Yosemite Valley's Half Dome at sunset. The Regular Northwest Face route climbs cracks and corners toward the shoulder, followed by more difficult climbing near the left-hand skyline. Photo by Luke Laeser.
Yosemite Valley's Half Dome at sunset. The Regular Northwest Face route climbs cracks and corners toward the shoulder, followed by more difficult climbing near the left-hand skyline. Photo by Luke Laeser.
Alex Honnold has free-soloed the Regular Northwest Face (VI 5.12a, 23 pitches) on Half Dome in Yosemite National Park. Honnold took 2 hours and 50 minutes to complete the route, which has one short pitch of 5.12a and several pitches of 5.11+.

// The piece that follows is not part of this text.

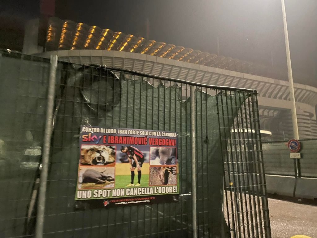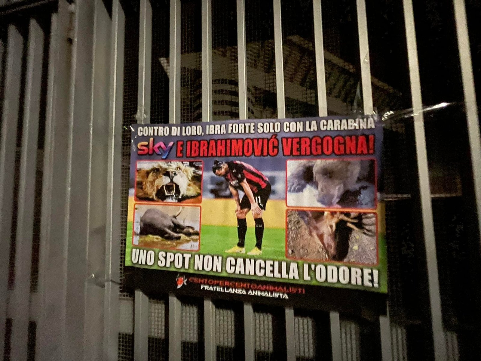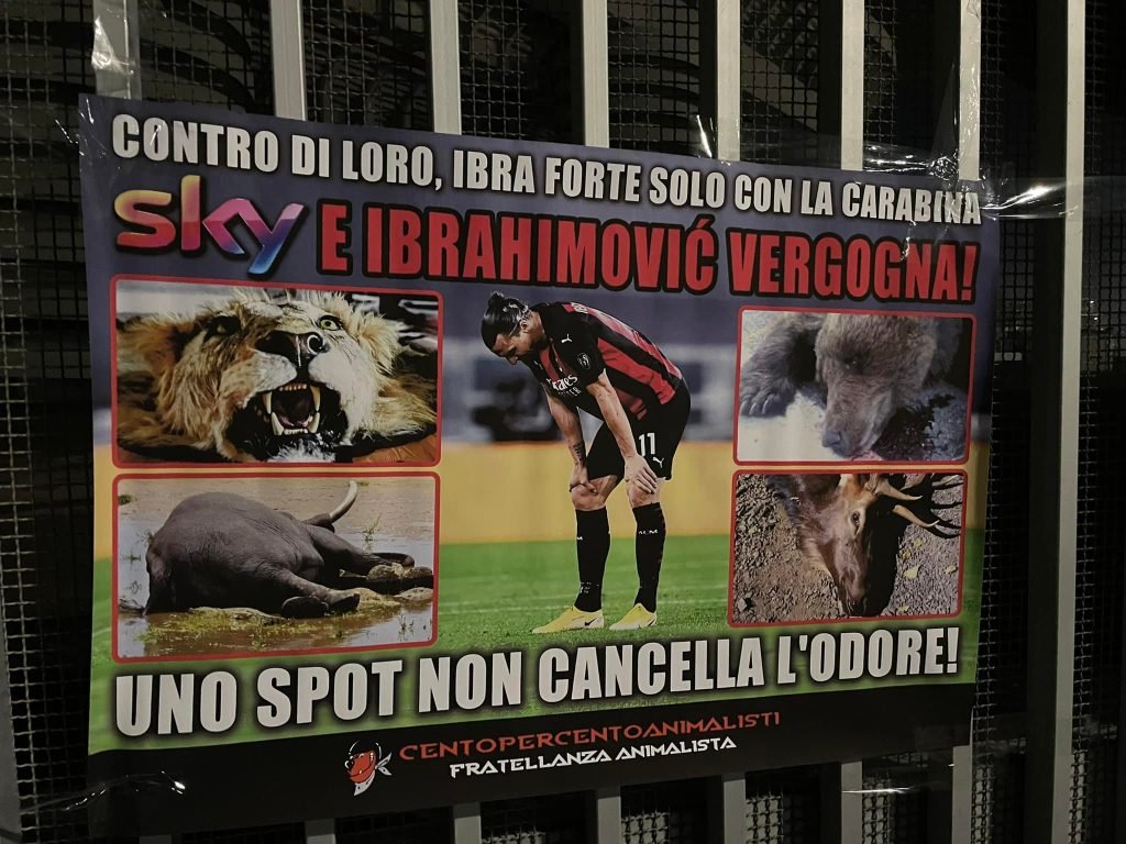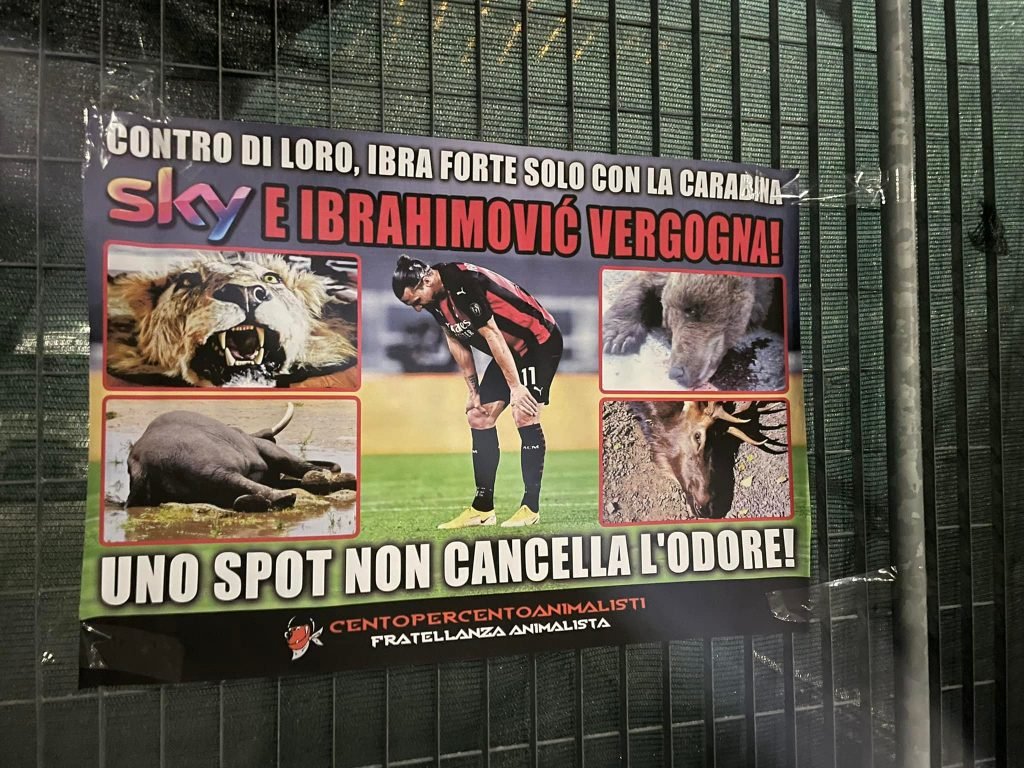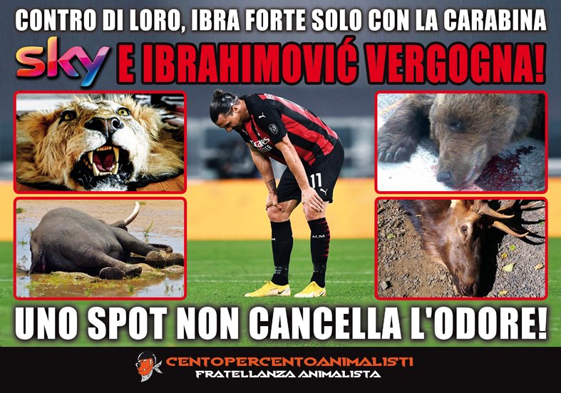 A questo punto, che dire di Ibra e della sua fibra? Nella notte tra il 20 e 21 gennaio, Militanti di CENTOPERCENTOANIMALISTI hanno affisso sui cancelli dello stadio Meazza San Siro di Milano, manifesti diretti a Ibra e Sky con scritto “contro di loro, Ibra è forte solo con la carabina. Sky e Ibrahimovic vergogna! Uno spot non cancella l’odore”. Il manifesto, oltre alla foto del centravanti, riportava le immagini di Animali trucidati dai cacciatori e del Leone che lo stesso Ibra ha ucciso anni fa.

Honnold had previously climbed the route five times, including a roped free ascent last year and another free ascent two days before his solo. He carried no rope or harness during his solo, which he completed before noon on September 6.

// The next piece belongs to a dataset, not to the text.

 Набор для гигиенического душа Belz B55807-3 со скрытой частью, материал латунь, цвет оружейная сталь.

Alex Honnold receives a 2007 Golden Piton from Climbing editor Matt Samet at the January 2008 Outdoor Retailer show. Photo by Andy Mann.
The Regular Northwest Face, first climbed in 1957, was nearly free-climbed in 1976 by Jim Erickson and Art Higbee, who created most of the free variations and freed all but one pitch near the top. Leonard Coyne found a free variation to that final aid pitch in 1980, completing the first free ascent of the wall.
Honnold used the Higbee Hedral free variation (5.12a) on the fifth pitch and a circuitous 5.10 variation around the Robbins Traverse on the 10th pitch.